Quality is also not a single question, which is part of why nobody has instrumented it properly. Some work benefits from vast volume at average quality. Triaging customer messages, tagging unstructured data, generating first drafts of routine documents, the tasks where throughput is genuinely the point. Other work needs low volume at high precision. Strategic analysis, system architecture decisions, legal drafting, the tasks where one bad output costs more than ten good ones saved. A metric that reports tokens consumed treats both kinds of work identically. A leaderboard that ranks engineers by consumption will reward the wrong behaviour for whichever category is the bulk of what the team is actually being paid to do. The Meta employee running agents idle for hours to climb the Claudeonomics is actually just optimising for the metric that was chosen.

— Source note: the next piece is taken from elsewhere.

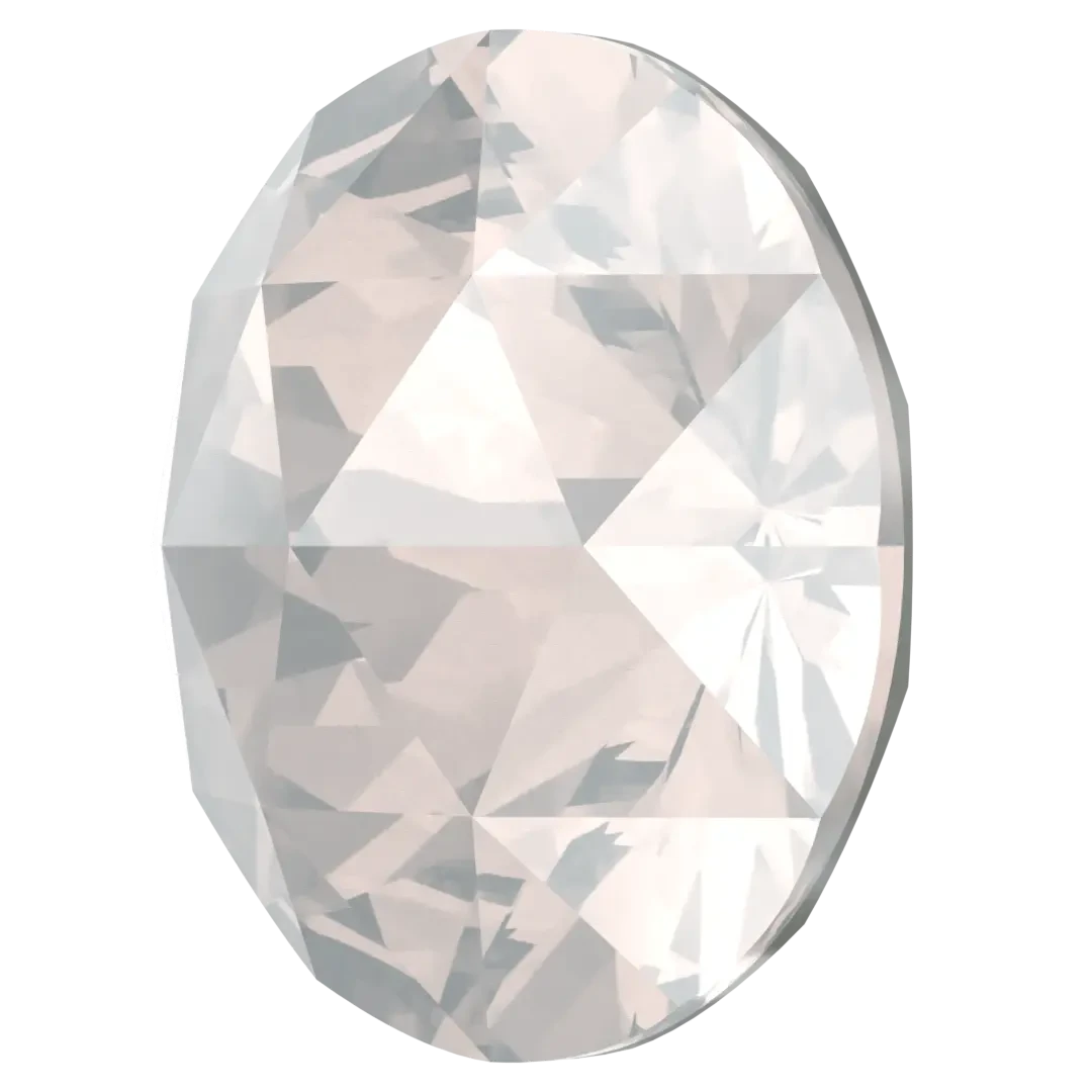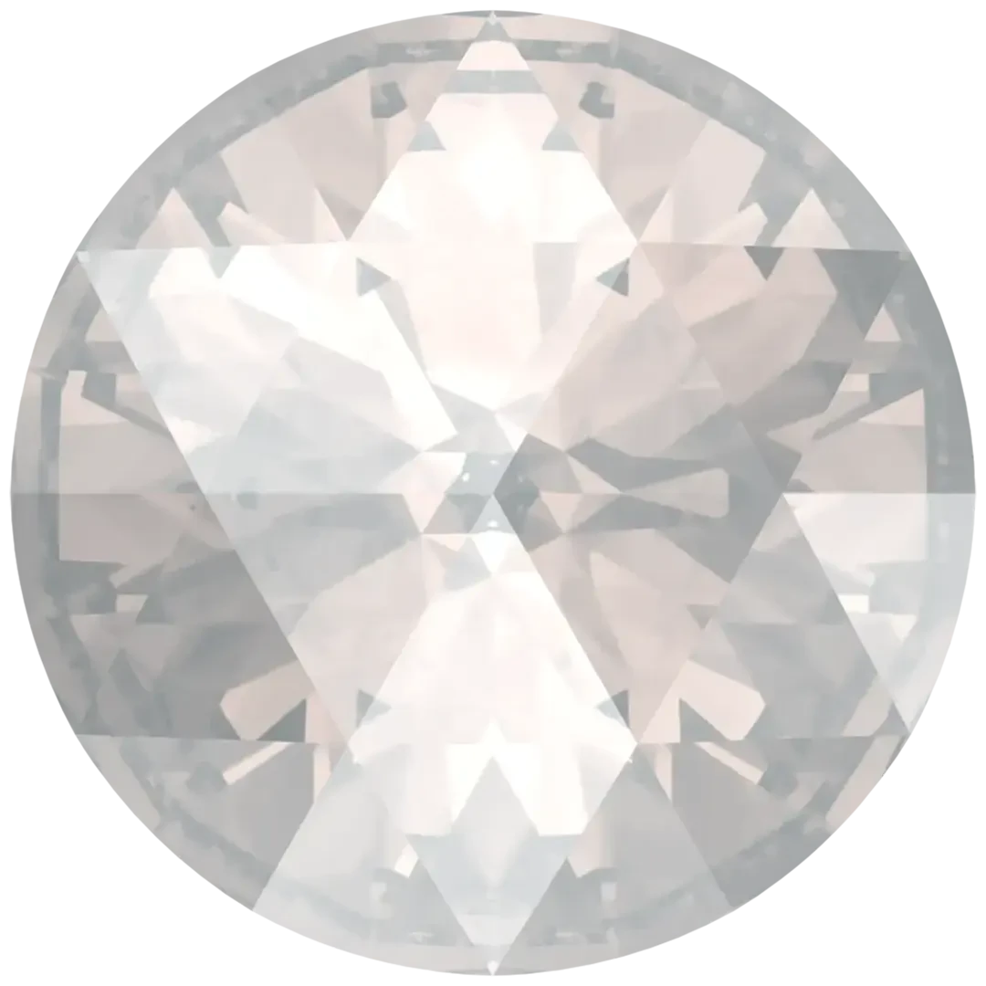 Serinity chatons Round Rose Cut (1401) in White Opal are multi faceted pointed back crystals that are used with metal settings to create bespoke jewellery and embellishment designs. Serinity Rose Cut shaped crystals are circular in shape and cut in a unique faceting pattern. These crystals have a flat base and a rounded top with triangular facets arranged in a circular pattern around the centre, resulting in a multidimensional and captivating appearance.

There is an ownership mismatch here that is going to shape the next eighteen months. The cost of AI has a clear home. It sits on the CFO’s dashboard, it appears in the budget variance report, and it has a named owner who is accountable when it runs over. The quality of AI output, largely, does not have a home. There is no chief AI quality officer. There is no standard metric that goes on a board deck. When the cost has an owner and the quality does not, the organisational weight all falls on one side. The cost gets managed and the quality becomes assumed, and then eventually discovered to have been assumed. That’s the work that actually needs doing, and nobody is currently doing it. Every organisation deploying AI at scale needs someone with the authority of a named executive, a budget, and a seat in the room when the spend gets approved, whose job is to own the question of whether the output is any good. That means defining what good looks like for each type of work, and building the instrumentation that would tell the organisation whether the bar is being met. And it means making sure that measurement sits on the same dashboard as the spend, so that no token accounting conversation happens without the quality question running alongside it.